Climate and Agriculture Monitoring in the Pacific Island Countries#

Project: PACIFIC OBSERVATORY (P177189).

Weather conditions and climate variations have profound impacts on agriculture, water resources and on the socioeconomic opportunities and adaptations of a region. Populations in the Pacific Island Countries (PIC) are at disproportionately higher risk of adverse consequences from global warming. Current impacts include increasing droughts and water scarcity, coastal flooding and erosion, and changes in rainfall that affect food production (IPCC 2018). At the same time, there is wealth of underutilized satellite data that can be useful to monitor climate events and provide insights for better preparedness and mitigation strategies.

Climate indices with high resolution have long been very limited, for example Standardized Precipitation Evapotranspiration Index (SPEI) only available at 0.5 deg (~ 55 km) resolution for global coverage. This often leave small island countries like Pacific not captured well. Since 2014, a number of high gridded climate have been produced. GOST team is able to calculate climate indices with spatial resolution ranging from 11 to 4 km. It is interesting to unlock access to climate datasets and investigate how the changing climate is affecting irrigated and dryland agriculture in the Pacific Island Countries (PICs) via this activity.

Climate data is a critical resource to help us prepare for and address the challenges of a changing environment. Through a better understanding of past climate conditions, local and regional climate variability and how current conditions compare to the past, we can assess the status of water supplies, agricultural production, and other natural resources.

Weather and climate affect not only agriculture but recreation, transportation, energy supply and demand, and many aspects of resource management. Climate information is important for short- and long-term planning, operational decision making, development of adaptive infrastructure and the management of climate-sensitive risks. Through diverse means of climate monitoring and multiple channels of information delivery, this activity will help the citizens of PIC see and understand how climate affects their livelihoods.

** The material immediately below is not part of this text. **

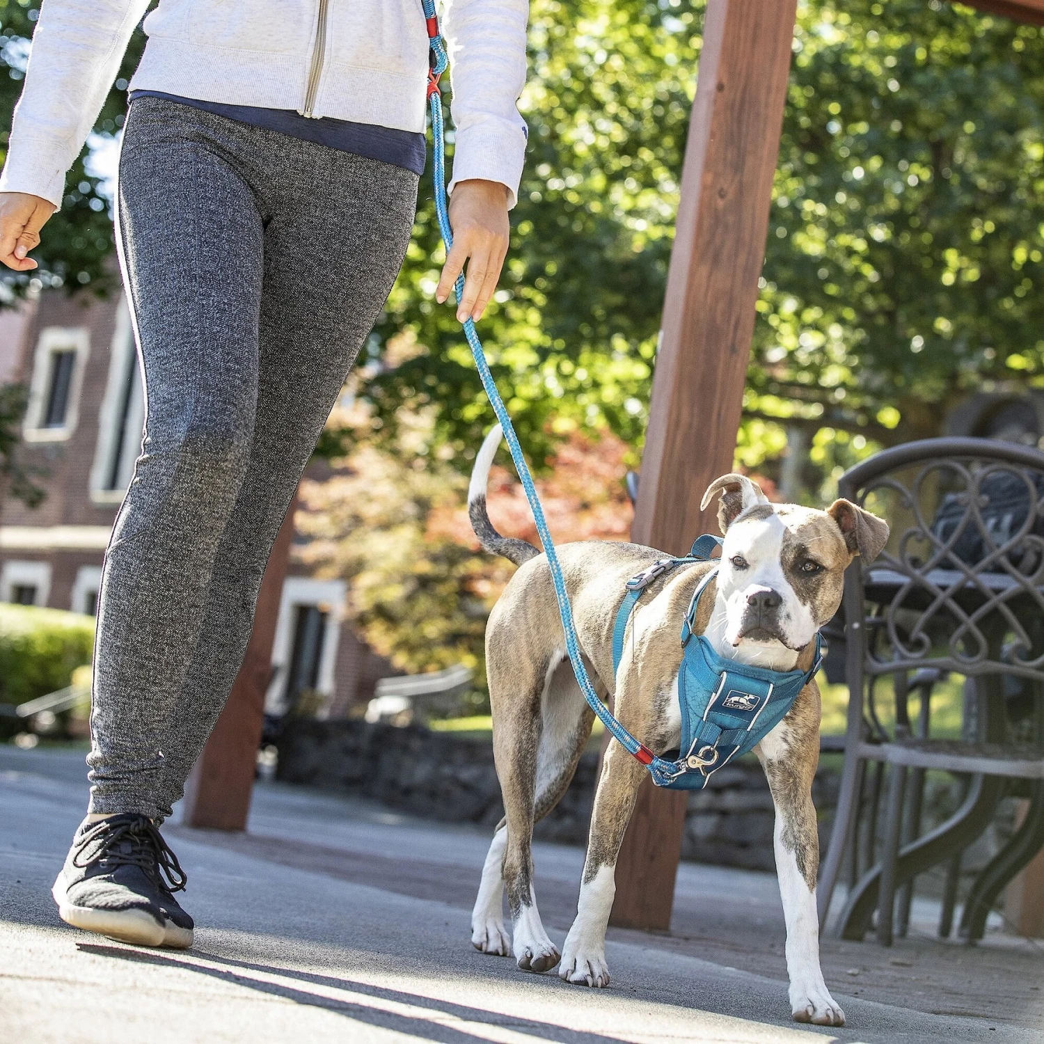 - Has a leash attachment on the front and the back.

These following examples use low to medium spatial resolution Earth Observation (EO) data to monitor hydro-meteorological condition and growing seasons.

Climate Variability#

Climate variability directly influences many aspects of food and nutrition security, particularly food availability and access. Variation in rainfall is a common element of many natural disasters – droughts, floods, typhoons and tsunamis – and is influenced by global, regional and/or local factors.

Global climate factors including El Niño-Southern Oscillation (ENSO); regional factors include the Madden-Julian Oscillation, West Pacific Gradient (WPG) and fluctuations in the sea surface temperature (SST) of the Pacific Ocean; and local factors can include elevation, island position, the circulation of land and sea breezes, and land cover.

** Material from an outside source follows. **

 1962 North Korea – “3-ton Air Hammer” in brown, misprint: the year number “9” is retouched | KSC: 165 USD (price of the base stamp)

The level of climate risk is measured based on the strength of ENSO signal on rainfall variability using correlation analysis. This approach is applied because production loss of food crops in Southeast Asia and the Pacific is closely associated with the ENSO phenomena (Naylor et al, 2001 , 2007). Anderson (2018) specifically indicates ENSO poses risks to crop production in greater Pacific Basin region. El Nino years is normally associated with drought years, while La-Nina is often related to wet years which can cause flood hazards. The correlation analysis is applied to monthly rainfall anomaly and sea surface temperature anomaly in in the in four NINO regions along the equator:

  • Niño 1 (80°-90°W and 5°-10°S)

  • Niño 2 (80°-90°W and 0°-5°S)

  • Niño 3 (90°-150°W and 5°N-5°S)

  • Niño 4 (150°-160°E and 5°N-5°S)

nino

Figure 1. NINO regions. Source: https://www.weather.gov/jetstream/enso

The NINO region is optimal for monitoring ENSO and its impacts, while the WPG is measured as the difference in SST between the NINO4 region and the West Pacific region. When the WP is warm during La Nina events, the changes across the globe can be extreme.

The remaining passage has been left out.